How would you approach going back from DataFrame to a vector of Records given this code?

struct Record 
    A::UInt32
    B::Float32
    C::Float32
end

# get bytes from stream; Vector{UInt8}
buffer = rand(UInt8, sizeof(Record) * 5) 

# reinterpret bytes as vector of Records 
records = reinterpret(Record, buffer) 

# build dataframe
df = DataFrame(records)

# how to get back from dataframe to a vector of Records?

bertschi · November 20, 2022, 1:38pm

The following will work:

[Record(x...) for x in eachrow(df)]

It is a bit dangerous though as the data frame columns have to be in the correct order, i.e., the following is not what you want, but might or might not work depending on types:

[Record(x...) for x in eachrow(select(df, :B, :A, :C))]

The best way would probably to define a Record constructor for reconstructing from data frame rows:

Record(row::DataFrameRow) = Record(row.A, row.B, row.C)

Record.(eachrow(select(df, :B, :A, :C)))  # does the right thing even with permuted columns

aplavin · November 20, 2022, 4:04pm

This means you need to add the whole heavy DataFrames dependency to where you define Record.
A cleaner, more general, and no-deps approach is to define a kwargs constructor:

@kwdef struct Record 
   A::UInt32
   B::Float32
   C::Float32
end

Then,

[Record(; x...) for x in eachrow(df)]

works no matter the column order.

rocco_sprmnt21 · November 20, 2022, 8:31pm

using Tables
reinterpret(Record, rowtable(df))

bertschi · November 20, 2022, 8:36pm

Not necessarily, as you can define the method later and elsewhere, i.e., in the code that is working with data frames already and requires that functionality.
Would probably also prefer to define constructors close to the definition of a struct, but Julia allows other options here as well.

Agreed, also more general as named tuples are more widespread and not tied to data frames.

alexgr · November 22, 2022, 8:53pm

Thank you all.

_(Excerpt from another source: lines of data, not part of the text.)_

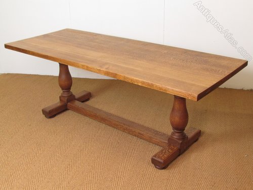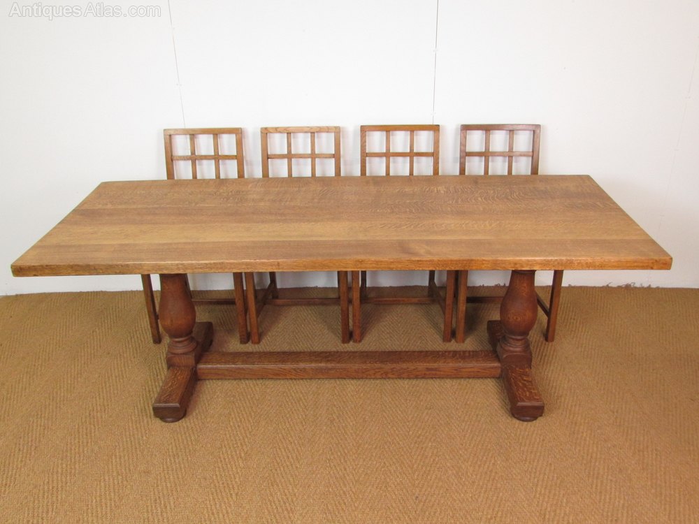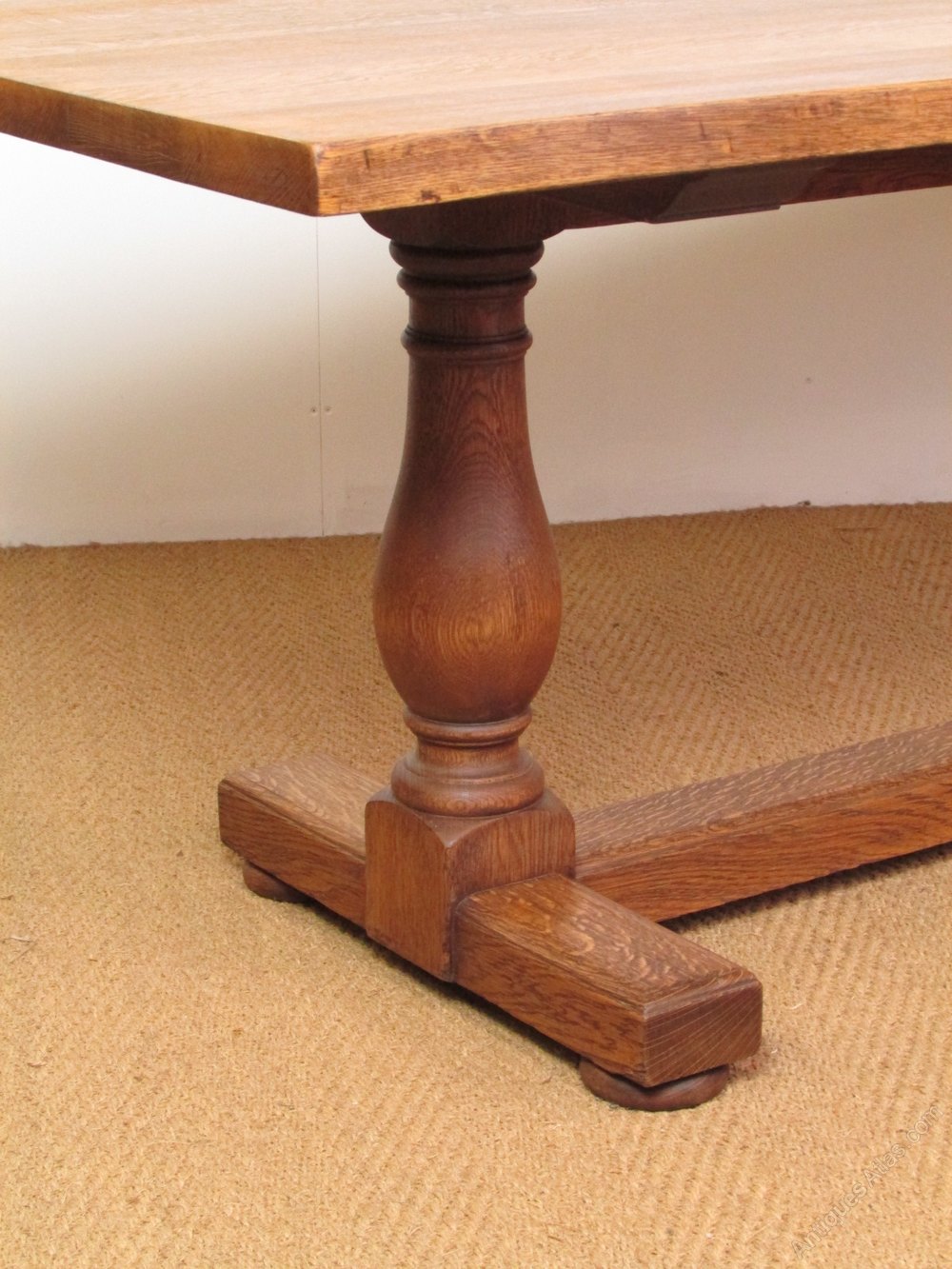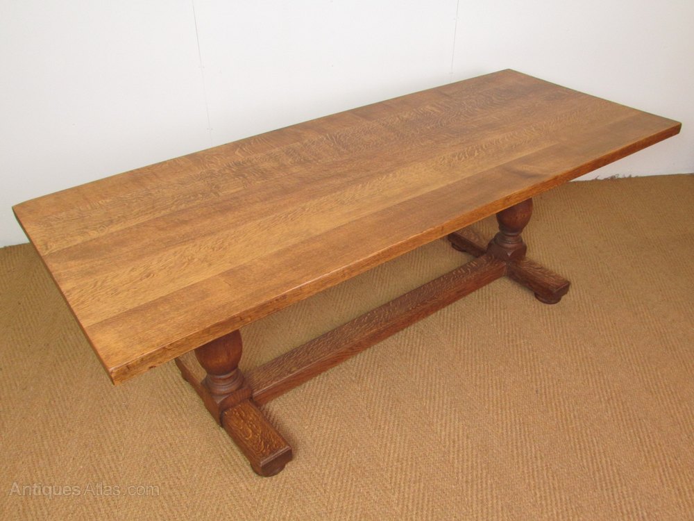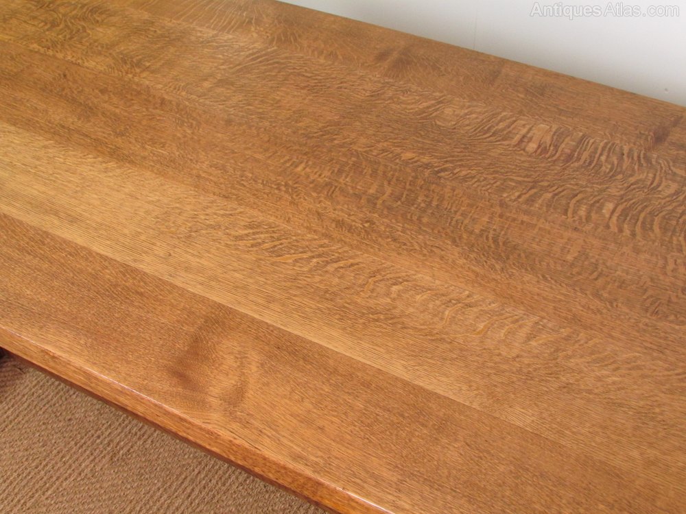 The table: An oak refectory dining table by Heal's c.1925. Labelled. Constructed in solid, well figured quarter sawn oak with superb proportions.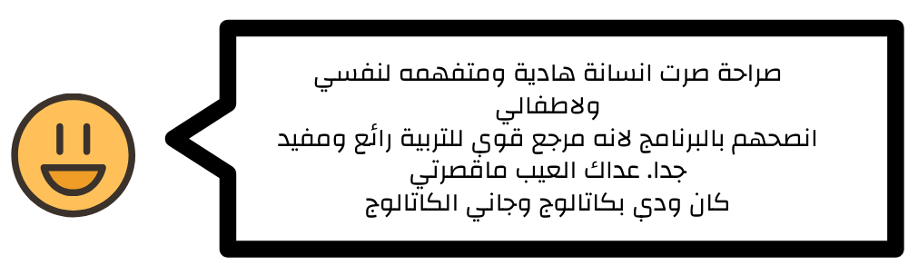 كنت أشوف حسابات تربية وبعضها أحسها ناقصة شرح أو مثالية ومع اني شفت بعض النصائح الي تشبه البرنامج لكن ماكنت أعرف أطبق أبد كنت أحسه كله صعب. أما معاك وطريقة توصيلك للمعلومات واستراتيجية البرنامج مو هيييينة كيف تخليك تطبقي هالكلام بلطف وبنفسك. حالياً أسمع أطفالي وألعب معاهم بحب وأجيب أفكار ولا أستثقل شي عشانهم حرفياً هم أهم شي في حياتي صاروا.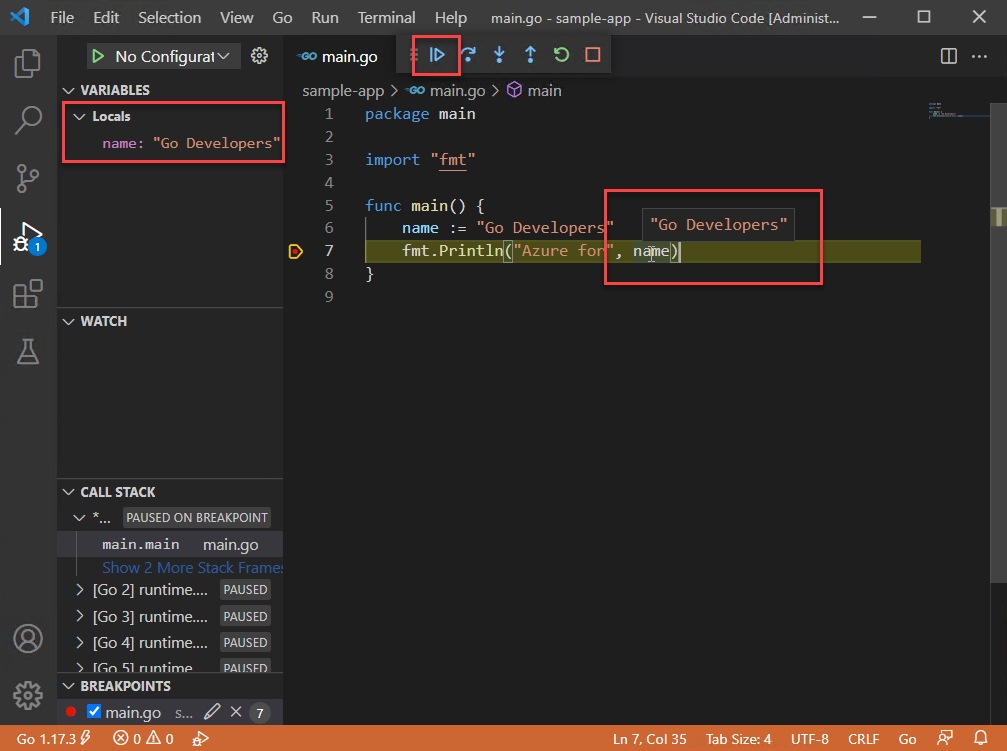 In this quickstart, you install the Go compiler and tools, install Visual Studio Code to write Go code, and install the Go for Visual Studio Code extension which provides support while writing Go. Once configured, you create an application, run it, and use the debugging tool to pause execution and observe the value of variables.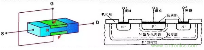 ※場效應(yīng)分類:場效應(yīng)管主要有結(jié)型場效應(yīng)管(JFET)和絕緣柵型場效應(yīng)管(IGFET)。絕緣柵型場效應(yīng)管的襯底(B)與源析(S)連在一起,它的三個極分別為柵極(G)、漏極(D)和源極(S)。晶體管分NPN和PNP管,它的三個極分別為基極(b)、集電極(c)、發(fā)射極(e)。場效應(yīng)管的G、D、S極與晶體管的b、c、e極有相似的功能。絕緣柵型效應(yīng)管和結(jié)型場效應(yīng)管的區(qū)別在于它們的導電機構(gòu)和電流控制原理根本不同,結(jié)型管是利用耗盡區(qū)的寬度變化來改變導電溝道的寬窄以便控制漏極電流,絕緣柵型場效應(yīng)管則是用半導體表面的電場效應(yīng)、電感應(yīng)電荷的多少去改變導電溝道來控制電流。它們性質(zhì)的差異使結(jié)型場效應(yīng)管往往運用在功放輸入級(前級),絕緣柵型場效應(yīng)管則用在功放末級(輸出級)。場效應(yīng)管的工作原理和三極管其本一樣,只是他們一個是壓控型元件,一個是電流控制元件,場效應(yīng)管只有一個PN結(jié),如圖所示1-1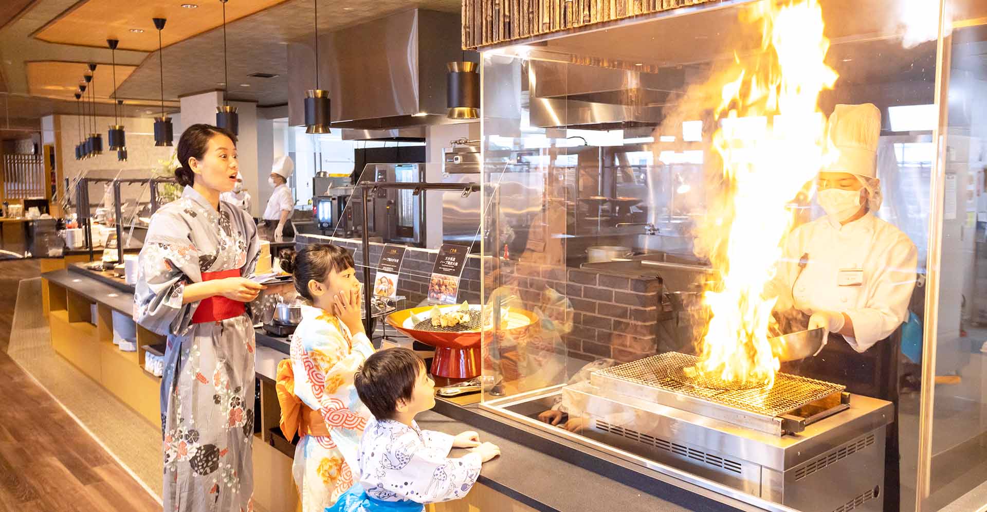 入浴後は、レストランで地元グルメや旬の食材を活かした多彩なメニューを味わえます。ライブキッチンでは、湯気の立つできたて料理に、子ども達は興味津々です。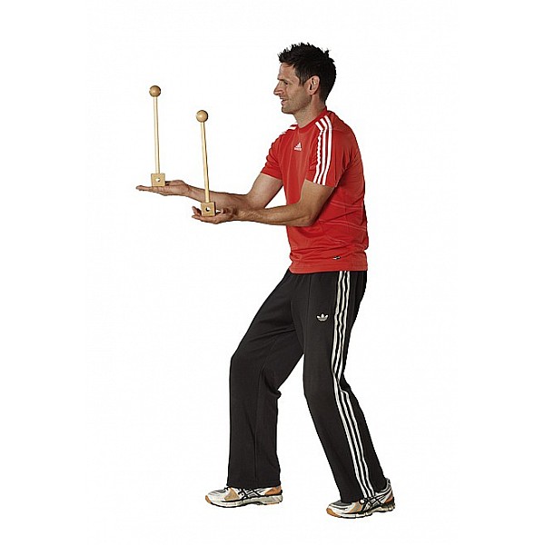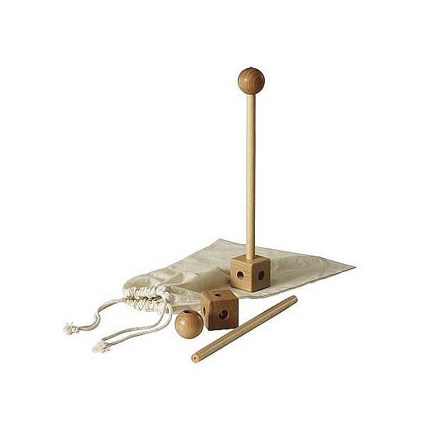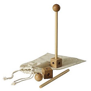Ausführung: 2 Aufsteckkugeln Ø 45 mm , 2 Würfel 50 mm, 2 Rundstäbe 400 mm lang, Ø 15 mm allesamt mit Konus-Steckverbindung und aus Buche gefertigt. Verpackt im praktischen Baumwollbeutel inkl. Übungsanleitung.
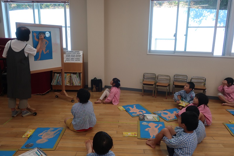 今日はECCがありました! 雨が降り『外あそびいけない~』と残念がっていたらいおん組さんでしたが、 ECCが始まると楽しくて笑顔が止まらないみんなでした! 今日は、『マイネームイズ○○』と先生の真似をして自己紹介の練習をしてみました(*^^*) 前に出てしてみたいお友だちは、前に出て自分の名前を英語で紹介してみました!! そのあとは、英語の歌に合わせて体操をしたり、アルファベットを身体で表現しながら発音を練習したりしてみました(*´▽`*) 最後は、イラストに合わせて、『お母さんはどういってるかな~』『この子はどんなことを言っているかな~』ろ英語の意味と日本語の意味を照らし合わせて、英語を学びました! 今回のECCもあっという間!! 最後は先生に『センキュー!』と元気よくお礼を言いましたよ♪ |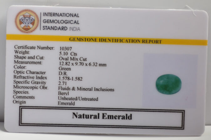 Beautiful 5.1 Ct. Natural Emerald (AAA-Mines) sva 5+ Ratti Panna. Free Horoscope & Free Pundit Ji Astrological Advise / Consultation. Original Natural Lab certified gems by IGI GTL / Birth stones / Large Gem Selection of shree shubh Rashi Ratan Vedic dhan at Gem Mines. May Bhagwan Brahma, Vishnu, Shiv & Universe bless you.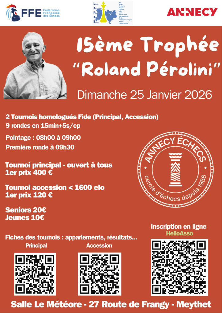 Point d’orgue de la saison échiquéenne à Annecy, le trophée Pérolini (anciennement tournoi de Bonlieu), ainsi nommé en hommage à un joueur emblématique du club, rassemble chaque saison une centaine de joueurs venus de la région et d’ailleurs.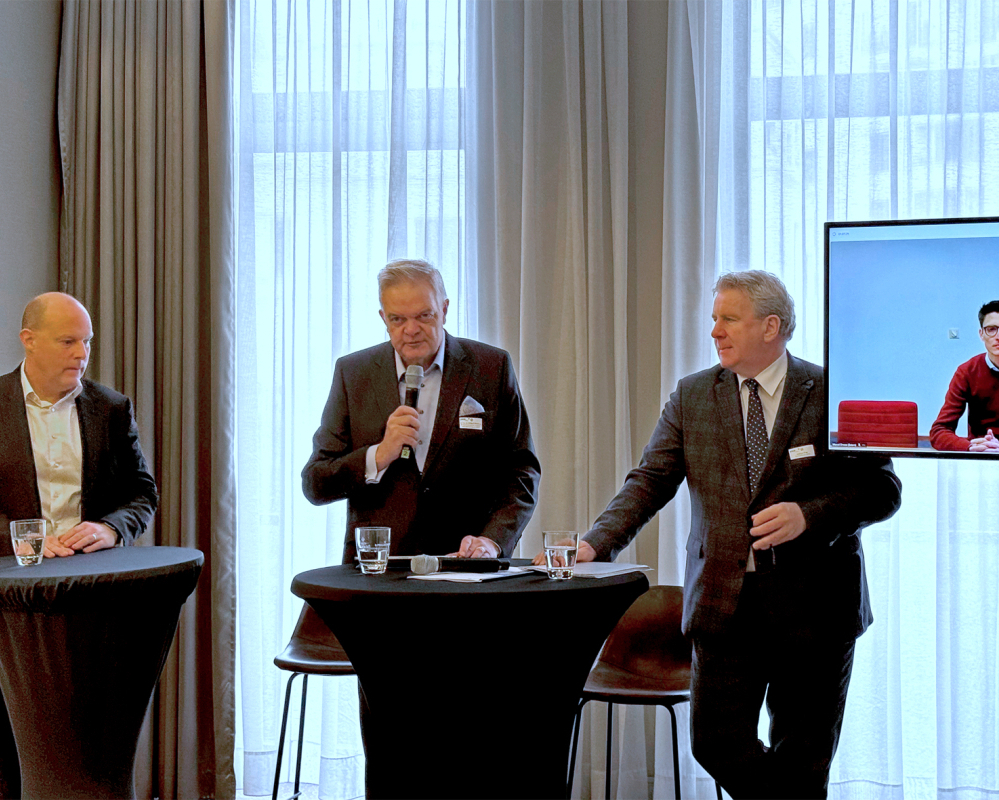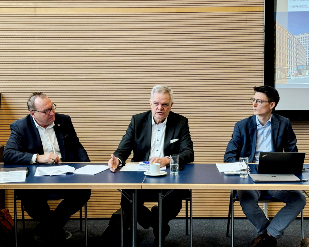 V.l.: BTGA-Vizepräsident Roland Fischer, BTGA-Präsident Bernhard Dürheimer und Marcel Dresse, B + L Marktdaten GmbH, stellen bei der „Light + Building 2024“ die Ergebnisse des BTGA-Frühjahrsgutachtens vor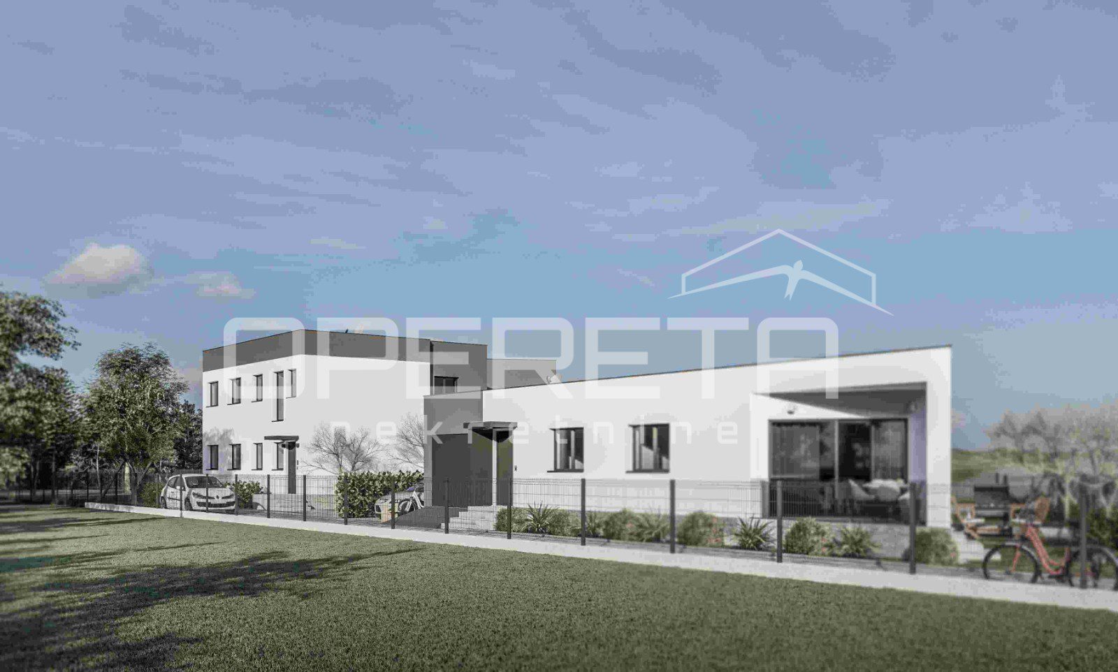 jedna kuća je prizemnica s garažom, a druga kuća katnica koja se može završiti i kao dva odvojena stana, isto tako se mogu dodati ili oduzeti spavaće sobe u procesu gradnje.

I learned something from all of you.

Since column order is not a concern in my use case, I ended using @rocco_sprmnt21’s solution because it is much more performant.

rafael.guerra · November 22, 2022, 10:20pm

Couldn’t we write your second line simply like this:

Record.(eachrow(df))

This would then be faster than the other solutions posted so far.

bertschi · November 22, 2022, 11:36pm

Sure, just wanted to show that the reconstruction is correct even when you permute the columns.